Birts underscored that the presence of these crown-like structures in this tumor-border area with the particular CD32B-positive phenotype correlated better with disease-free survival time and response to therapy than did BMI on its own.
Among HER2-positive patients treated with adjuvant Herceptin who had at least one crown-like structure located at the tumor-adipose border that was CD32B-positive, the metastases-free survival time was significantly shorter, the researchers found.
"What really surprised us was how striking the effect of having these CD32B-positive border crown-like structures was on the response to therapy," Birts said. "It was to the point where, after we performed the analysis, it looked like those patients who had those … structures just hadn't received trastuzumab therapy. It looked like these border crown-like structures had effectively negated any therapeutic benefit in those patients."
Potential biomarker utility
Going forward, Birts and colleagues said, it could be possible to evaluate the tissue surrounding patients' breast cancer tumors and determine, accordingly, whether they might benefit from more intensive therapy than Herceptin alone, or vice versa.
Theoretically, "if this was introduced into the clinic tomorrow, what would happen is that a patient would go in and get a biopsy from their tumor, and we'd then perform immunohistochemistry staining on that biopsy for … the macrophage marker," he explained. "Then, it would be a matter of having a pathologist look at those stained biopsies under a microscope and look for those CD32B-positive crown-like structures upon the border where the adipose meets the tumor."
Based on these findings, for patients who have many of these crown-like structures and a BMI over 25, oncologists might begin with a more intensive therapeutic strategy, which Birts said could possibly involve combination treatment or a HER2-directed antibody drug conjugate such as Genentech's Kadcyla (trastuzumab-emtansine) or Daiichi Sankyo/AstraZeneca's Enhertu (trastuzumab deruxtecan).
It might be possible to detect some of these structures using imaging approaches, too, Birts added, though his team has yet to evaluate this. If this were possible, it could potentially eliminate the invasive biopsy element of testing for the biomarker, since patients who didn't have border crown-like structures wouldn't need CD32B testing.

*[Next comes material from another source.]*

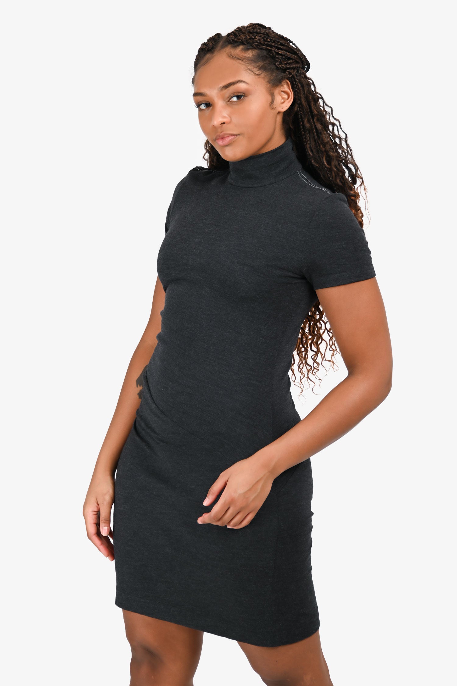 Refresh availabilityBrunello Cucinelli Grey Monili Beaded Detail Mock Neck Midi Dress. Pull-on. Mock neckline. Ruched side seam. Unlined. Tonal stitching.

All of these hypotheticals will need additional research before they can be applied by oncologists to guide treatment strategies for patients. According to Birts, some of these next-step studies are already in the works, though.

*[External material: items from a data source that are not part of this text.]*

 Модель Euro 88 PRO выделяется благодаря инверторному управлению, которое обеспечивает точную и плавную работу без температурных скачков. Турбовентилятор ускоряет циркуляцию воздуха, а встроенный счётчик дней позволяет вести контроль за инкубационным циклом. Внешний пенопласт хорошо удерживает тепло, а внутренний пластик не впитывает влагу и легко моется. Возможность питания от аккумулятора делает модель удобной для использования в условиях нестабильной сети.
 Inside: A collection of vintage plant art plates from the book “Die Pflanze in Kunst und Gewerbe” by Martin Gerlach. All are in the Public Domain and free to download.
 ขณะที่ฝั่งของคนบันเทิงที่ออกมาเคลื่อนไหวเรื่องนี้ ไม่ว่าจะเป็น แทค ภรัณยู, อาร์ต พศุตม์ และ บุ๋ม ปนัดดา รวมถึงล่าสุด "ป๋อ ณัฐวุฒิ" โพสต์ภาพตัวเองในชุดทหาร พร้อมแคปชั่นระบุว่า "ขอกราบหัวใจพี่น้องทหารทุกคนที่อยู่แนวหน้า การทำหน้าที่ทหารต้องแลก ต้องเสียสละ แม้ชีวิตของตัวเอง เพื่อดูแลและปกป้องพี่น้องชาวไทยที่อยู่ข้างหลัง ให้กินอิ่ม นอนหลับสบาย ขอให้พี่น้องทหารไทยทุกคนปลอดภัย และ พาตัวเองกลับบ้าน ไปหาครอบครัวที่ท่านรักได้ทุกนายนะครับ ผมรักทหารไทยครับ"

Later this year, he and his team are hoping to publish a paper on the activity of antibody therapy in combination with metabolic inhibitors in these patients, and in the longer term, they hope to validate these findings prospectively in patients who are actually treated according to these biomarkers.
As they work to validate the biomarkers, Birts said that he and his team are working to better detail the molecular mechanisms underlying these findings. "By better understanding what these mechanisms are, we will hopefully be able to target them better."

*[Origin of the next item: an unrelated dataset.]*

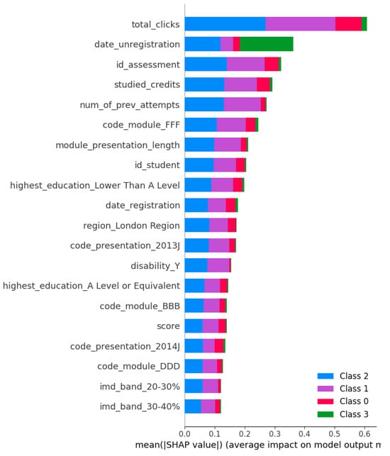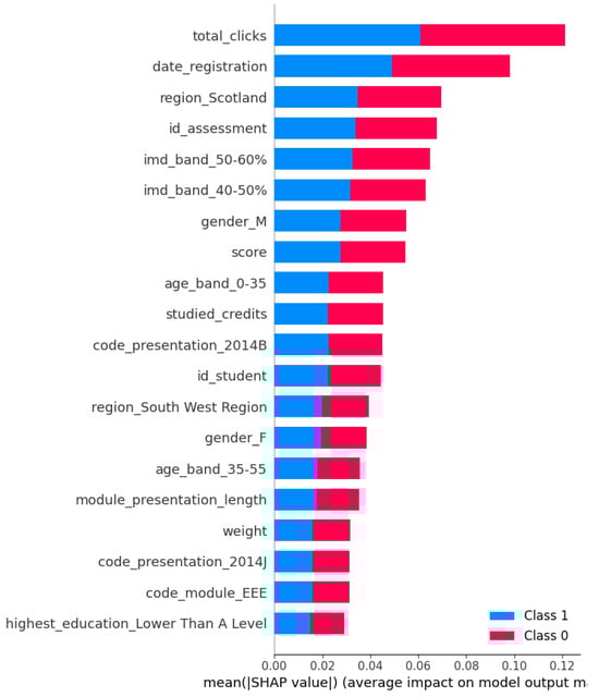 Figure 14. The illustration reveals that ‘Total Clicks’ in the virtual learning environment (VLE) was the most influential feature, with higher interaction levels strongly associated with increased probabilities of classifying a student as likely to succeed. Conversely, ‘date unregistration’ was a significant negative predictor, where an unregistration event could suggest a decreased likelihood of course completion, thereby predicting failure.

In looking at the importance of this research with a wider lens, Birts reflected that there is a pressing need to conduct these studies in obese patients with cancer, given the rising rates of obesity, particularly in the US, UK, and Western world. While many studies have hammered home the fact that high BMI is associated with poorer outcomes on the whole, few have identified the aspects of obesity, on a "basic science" level, that play into poorer prognoses and impact therapy response, and then further considered how to mitigate these factors.
"We're lucky we have had the funding … to allow us to do this work," he said. "But this area needs a lot more critical investment from funders, especially as it becomes much more important in the clinic."